Prompt: The whole listing should be retyped word for word, apart from the pictures it holds.

Exercise inputs:

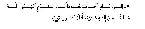 65. Wa-ila AAadin akhahum hoodan qala ya qawmi oAAbudoo Allaha ma lakum min ilahin ghayruhu afala tattaqoona
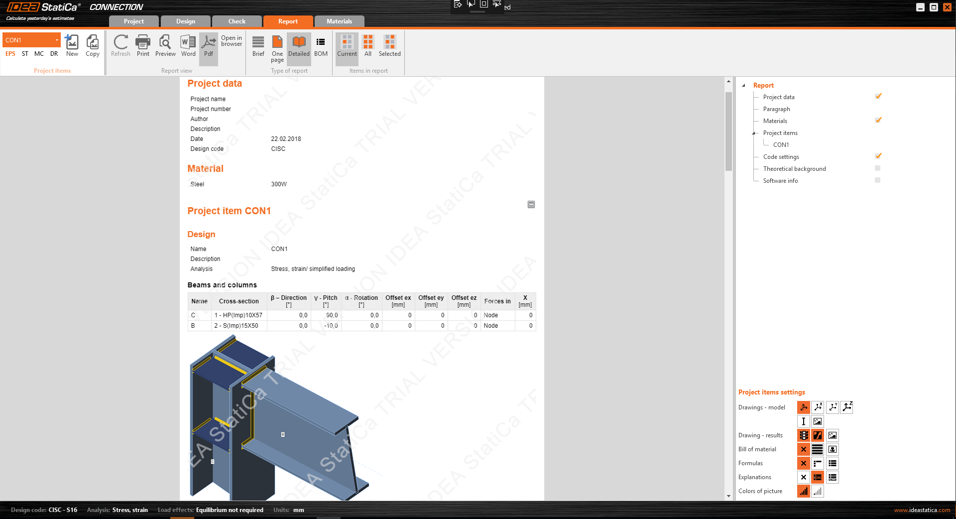 - Material tab – information about the materials, cross-sections, bolt grades and assemblies are combined.
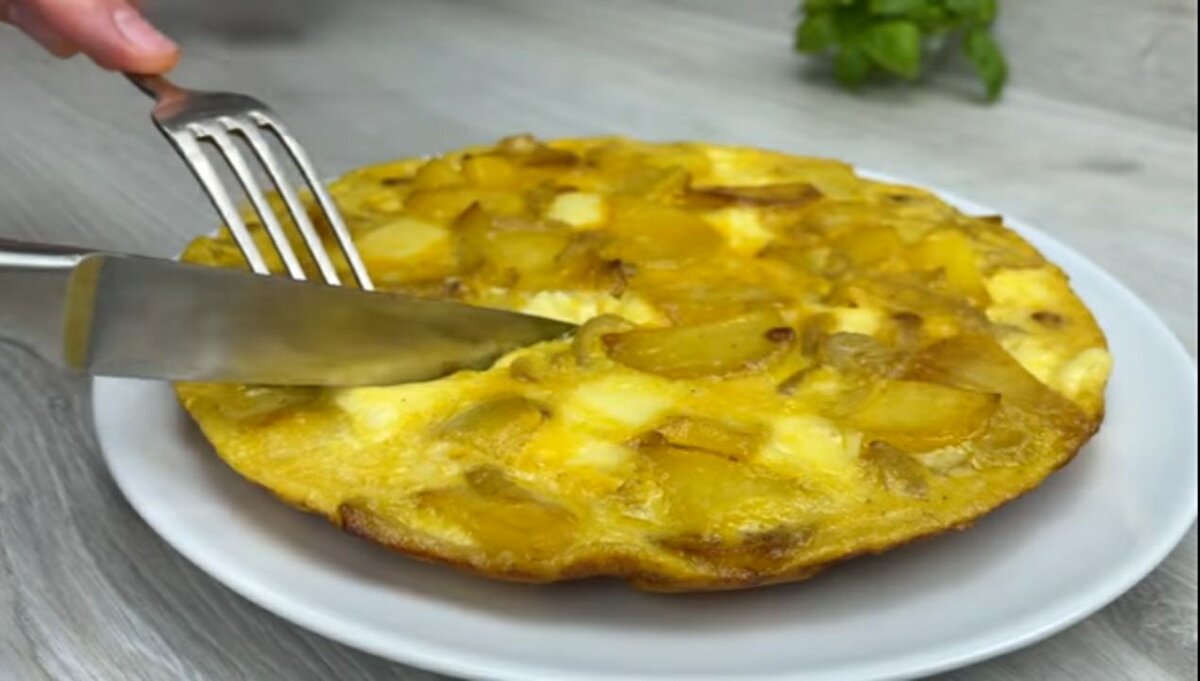Друзья предлагаю приготовить на завтрак идеальный картофельный омлет. Это испанский рецепт подсказала мне подруга, когда болтали за чашечкой чая. Самый вкусный и удивительно легкий в приготовлении картофельный омлет всего из четырех основных ингредиентов. Вам понадобится: Лук-1 шт Оливковое масло-3 ст.л Картошка-3 шт Яйцо-6 яиц Соль по вкусу Перец черный по вкусу Твердый сыр-50 гр Шаг №1 Режем одну луковицу полукольцами, обжариваем до золотистого цвета на сковороде смазанной оливковым маслом Шаг №2 Нарезаем 3 картофелины на небольшие кусочки. Добавляем к луку, при необходимости долить масло, обжариваем до мягкости. Шаг №3 Взбиваем 6 яиц, солим, перчим. Нарезаем 50гр твердого сыра на маленькие кусочки, добавляем яичную смесь. Шаг №4 В картошку выливаем яичную смесь с сыром, обжариваем на слабом огне под крышкой до готовности минут 5. Приятного аппетита!
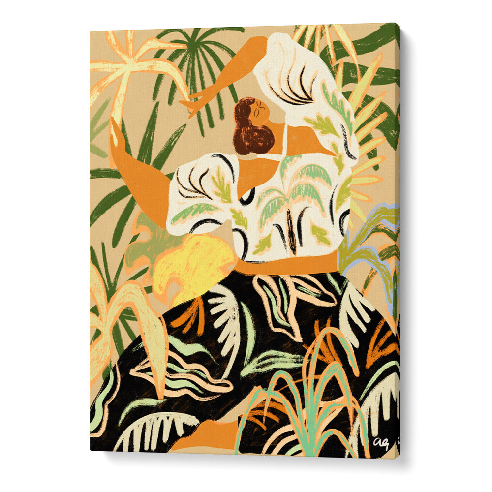 boho artwork, tropical canvas painting, earthy wall decor, modern bohemian prints, abstract foliage art, soulful home decor, nature inspired art, eclectic interiors
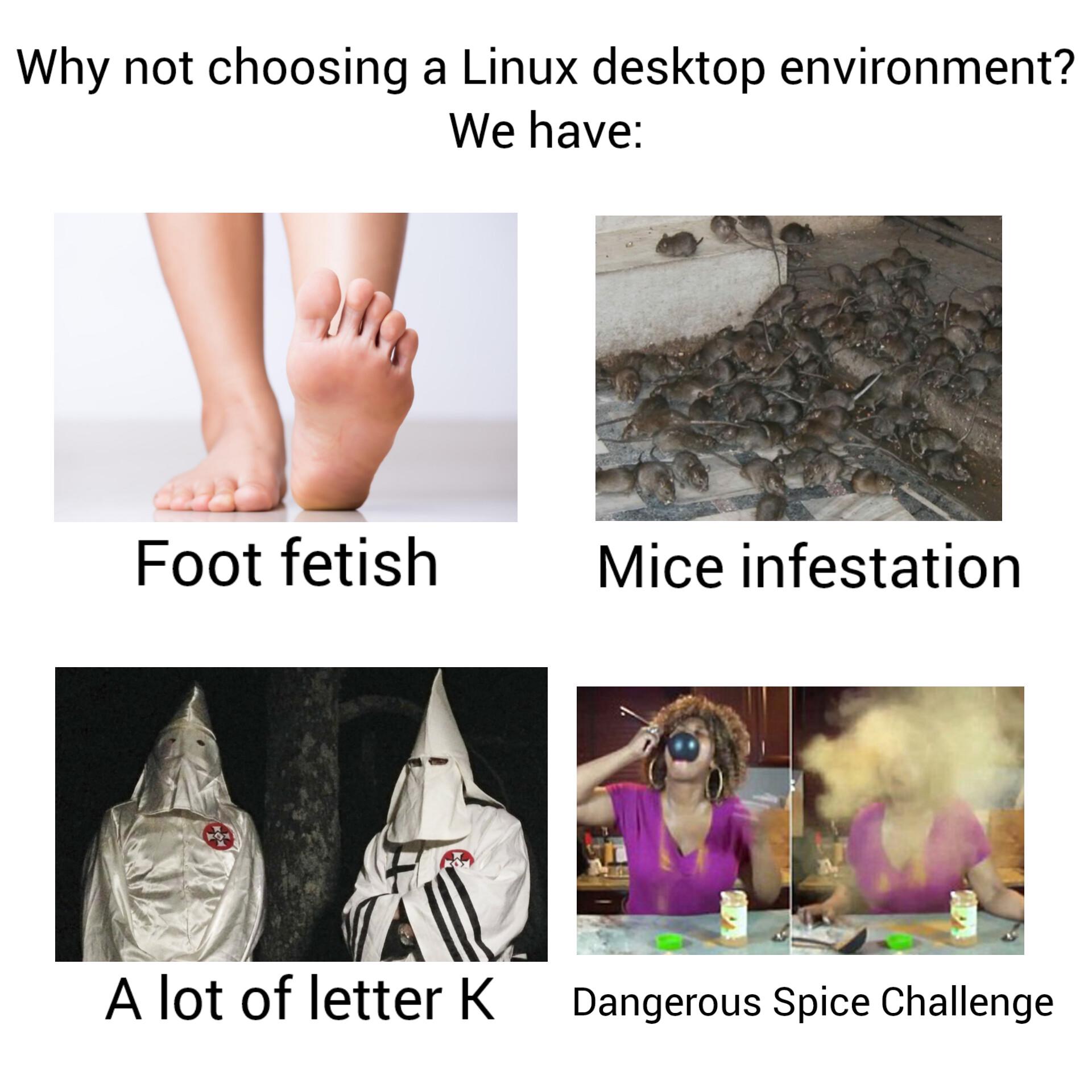 Apraksts: "Why not choosing a Linux desktop environment? We have: Foot fetish - Mice infestation - A lot of letter K - Dangerous Spice Challenge"
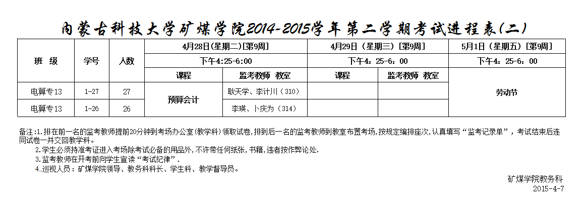 EMC易倍体育(高职)14-15(2)春学期考试进程表(二)
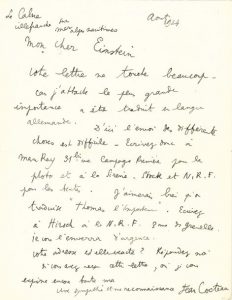 L.A.S. «Jean Cocteau», Villefranche-sur-Mer août 1924, à Carl EINSTEIN; 1 page in-4.

Solution:
 65. Wa-ila AAadin akhahum hoodan qala ya qawmi oAAbudoo Allaha ma lakum min ilahin ghayruhu afala tattaqoona
 - Material tab – information about the materials, cross-sections, bolt grades and assemblies are combined.
Друзья предлагаю приготовить на завтрак идеальный картофельный омлет. Это испанский рецепт подсказала мне подруга, когда болтали за чашечкой чая. Самый вкусный и удивительно легкий в приготовлении картофельный омлет всего из четырех основных ингредиентов. Вам понадобится: Лук-1 шт Оливковое масло-3 ст.л Картошка-3 шт Яйцо-6 яиц Соль по вкусу Перец черный по вкусу Твердый сыр-50 гр Шаг №1 Режем одну луковицу полукольцами, обжариваем до золотистого цвета на сковороде смазанной оливковым маслом Шаг №2 Нарезаем 3 картофелины на небольшие кусочки. Добавляем к луку, при необходимости долить масло, обжариваем до мягкости. Шаг №3 Взбиваем 6 яиц, солим, перчим. Нарезаем 50гр твердого сыра на маленькие кусочки, добавляем яичную смесь. Шаг №4 В картошку выливаем яичную смесь с сыром, обжариваем на слабом огне под крышкой до готовности минут 5. Приятного аппетита!
 boho artwork, tropical canvas painting, earthy wall decor, modern bohemian prints, abstract foliage art, soulful home decor, nature inspired art, eclectic interiors
 Apraksts: "Why not choosing a Linux desktop environment? We have: Foot fetish - Mice infestation - A lot of letter K - Dangerous Spice Challenge"
 EMC易倍体育(高职)14-15(2)春学期考试进程表(二)
 L.A.S. «Jean Cocteau», Villefranche-sur-Mer août 1924, à Carl EINSTEIN; 1 page in-4.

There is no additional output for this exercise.